One of our favorite things to do once Thanksgiving is over is to enjoy our annual holiday viewing of National Lampoon’s Christmas Vacation. This seems to get us in the right frame of mind for our next favorite holiday activity…cutting our own Christmas tree. We normally wait at least a week after Thanksgiving before getting our tree, but last year we realized that a freshly cut tree lasts much longer than you think it will so we figured we should get it sooner and enjoy it longer. While a forest tree is not as lovely and symmetrical as a tree you select from a tree lot, you get a lot more exercise when you do it our way. Besides, at $10 a tree, it is quite a bargain anyway you saw it.
When it’s cold, we often pull into the forest, find the first semi-sort-of-okay-but-admittedly-totally-Charlie-Brown-tree, cut it down, and take off. With 50 degree temperatures today, though, we were unencumbered by inclement weather so we sauntered, letting several perfectly acceptable trees stand firm while we looked for something a little better. At one point, I had wandered off in my own direction alone when I spotted IT, a reasonably full number in blue spruce. Steve was nowhere nearby and although I had the saw in hand I felt I should acquire a second opinion, so I called out to him.
“Marco!” I yelled in his general direction. Although I couldn’t see him, I knew he would get the message. No response. I yelled again.
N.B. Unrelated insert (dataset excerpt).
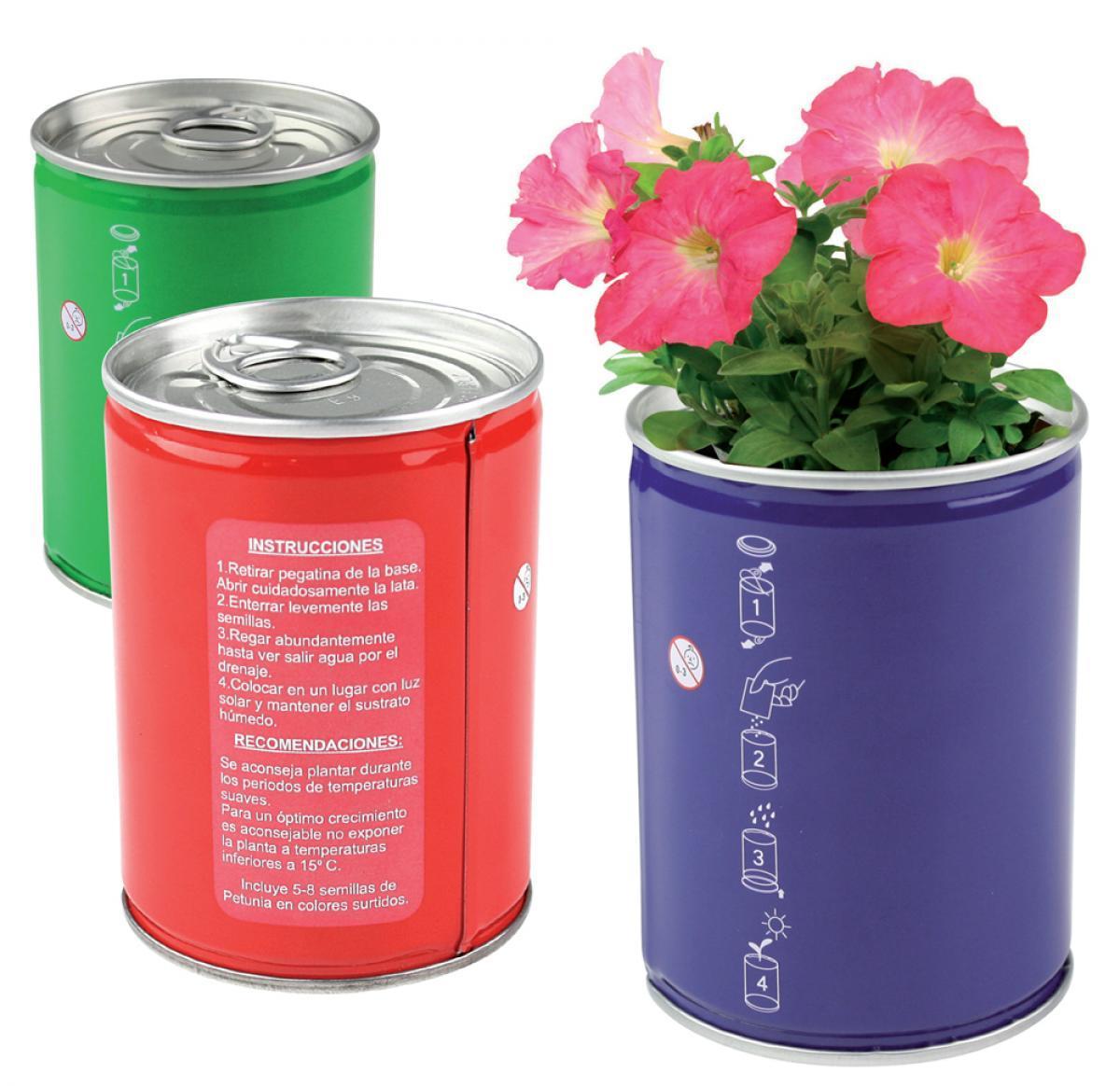 Metal can with mixed petunia seeds.

Louder this time.
“Polo,” came the faint response.
When he was near enough that I could see him clearly, I yelled again.
“Over here! I need your opinion.”
The tree was very close to another tree, which usually is a bad sign, but it was tall and still very full. When Steve arrived I asked him to find the one I was thinking about. When he picked it right out, I knew I was onto something. We went over and inspected it. It was taller than our usual tree, but I thought we could make it work. We checked the base of the tree (it can’t be more than 6 inches in diameter if you want to cut it) and determined we were good to go. We’d have to cut off the lower portion and bring it back with us, but we still felt it was manageable so Steve began to cut. He kept cutting. He kept cutting some more. Dang. This was taking way too long.
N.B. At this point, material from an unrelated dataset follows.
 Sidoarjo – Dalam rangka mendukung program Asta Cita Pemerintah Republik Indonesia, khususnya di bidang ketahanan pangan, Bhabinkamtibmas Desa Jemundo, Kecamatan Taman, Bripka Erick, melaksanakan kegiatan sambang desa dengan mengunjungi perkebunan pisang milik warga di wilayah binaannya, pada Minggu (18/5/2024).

“Do you want me to work on it for a while?” I asked, trying not to sound impatient but being really impatient.
“I’m fine,” he said as he started working on it again.
It was still taking what seemed like forever. Either the saw was worthless or we were having operator issues, I thought.
“Where is Charles Ingalls when you need him?” I quipped.
Steve shot me a look and made some reference to the notion that a proper spouse would be supportive. Clearly, he did not think my comment was nearly as amusing as I thought it was. For the record, I thought it was both appropriate and pretty dang funny. (Also, I know I’m not a proper spouse.)
When he had gotten about 5/6ths the way through the trunk, he was starting to slow down from the overexertion. I offered to take over. In less than a minute, compared to his ten, the tree fell over.
“See. And that is how it’s done,” I said as I quickly stepped out of his reach so he could not throttle me.
Once it was on the ground and no longer standing directly beneath a Ponderosa pine that was more than twice its size, our tree seemed a bit bigger. We tried not to trouble ourselves with this detail and got to work making it manageable for the trailer ride home. When we got back to the car, we were relieved to see our tree was roughly the same size as the one our friends had cut down. No worries.
Then, we got the tree home and off the trailer. That was when we started to suspect that we might have a problem. You know how sometimes you take more food than you’re actually going to be able to eat because your eyes are bigger than your stomach is? Well, I began to wonder if we’d had similar problems sizing up this forest tree to the realistic size of our living room. We leaned it up against the house. It was huge. I told Steve that, ala one of my favorite scenes from Christmas Vacation, someone was going to ask us where we thought we would put a tree that big. We got out the tape measure. It was 15 feet tall. While a 15 foot tree can easily fit in our living room with the 18 foot ceiling, it cannot fit in a tree stand that can only support a 12 foot tree. Steve cut off a few more feet while I walked around muttering, “little full, lot of sap.” With that last cut, however, we found that now the bottom appeared sparse and uneven so we omitted a couple extra feet to balance it out. Voilà.
Now, not only do we have the perfect Christmas tree, but we also have several decent starter logs for our fire pit as well as an attractive section of log Steve hopes to fashion into a comely centerpiece for our dining table. We got all this for the low, low price of an Alexander Hamilton. As I sit here inhaling the beautiful forest scent with my kleenex by my side (did I forget to mention that three of the four of us are allergic to evergreen trees?), I’m feeling confident that we chose the right tree. Now I just have to make sure Uncle Lewis doesn’t stand too near to it with his stogey.